Over the years I have analyzed each non-award, and saw the patterns evolving which are discussed in this article. I had the least success where RFPs were too generally worded, or where the client would write the RFP well but evaluate responses using different criteria than advertised. It turns out that awards came mainly from the competent clients--the ones who at least understood the necessity for all the steps I listed. Raw price was secondary to them; value was primary. Another grouping of awards came from clients I was able to inform concerning today's changing telecom scene, especially stressing today's compexity compared to yesterday's POTS. This I did through my magazine articles, seminars and lengthy one-on-one discussions.
The client must keep in mind the considerable expense to consultants of proposals. Truly independent consultants offer time only, and hence get paid for time only. They cannot afford to crank out proposals non-selectively. They do not later make money on equipment sales. This sets them apart from equipment vendors and the non-independent consultants who also sell equipment, which somehow gets selected later on.
What has been my response to these and other consultants' experiences? I realized I could not go on investing strong efforts on all RFPs that come around. I had to eliminate weak prospects, I also realized that a poorly written RFP often reflects the client's general competence to manage a project.
I have since developed and now use a "client pre-qualification" list of questions. The list addresses quality of RFP, desire to do job right, desire for a modern system, who makes the decision, evaluation criteria, location of telecom department in company hierarchy, project organization, client participation, requirement for fixed price and other issues. It has turned out that both parties benefit from this up-front, informal, back-and-forth discussion. Poor risks stand out, which I "no-bid." On the other hand, good risks stand out, which I pursue with even greater enthusiasm.
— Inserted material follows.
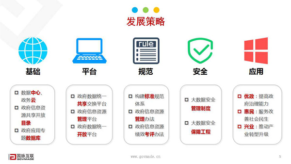 政務(wù)大數(shù)據(jù)的發(fā)展主要分為五個方面:基礎(chǔ)、平臺、規(guī)范、安全、應(yīng)用。

Because of the nature of this article, I had it reviewed by two competent telecommunications consultants whom I have worked with respect highly. See inset discussions by George Durar and Jane Laino.
How should users respond to issues discussed herein? First, clients should recognize there are good and not-so-good telecom consultants. Further, clients should realize they can attract the good ones while simultaneouly discouraging the not-so-good. Recognize that consultants are qualifying you as you qualify them. Both good and not-so-good consultants do this but for opposing reasons.
The secret to success for a user client is to write a good consultant RFP. Spend time and thought. Pay attention to factors discussed in this article.
Competent consultants typically do not cost any more per hour than the incompetent, and they can put out more and better work per hour. Further, they will save clients more dollars down the road by preventing expensive problems and by getting the best, most cost-effective system for you.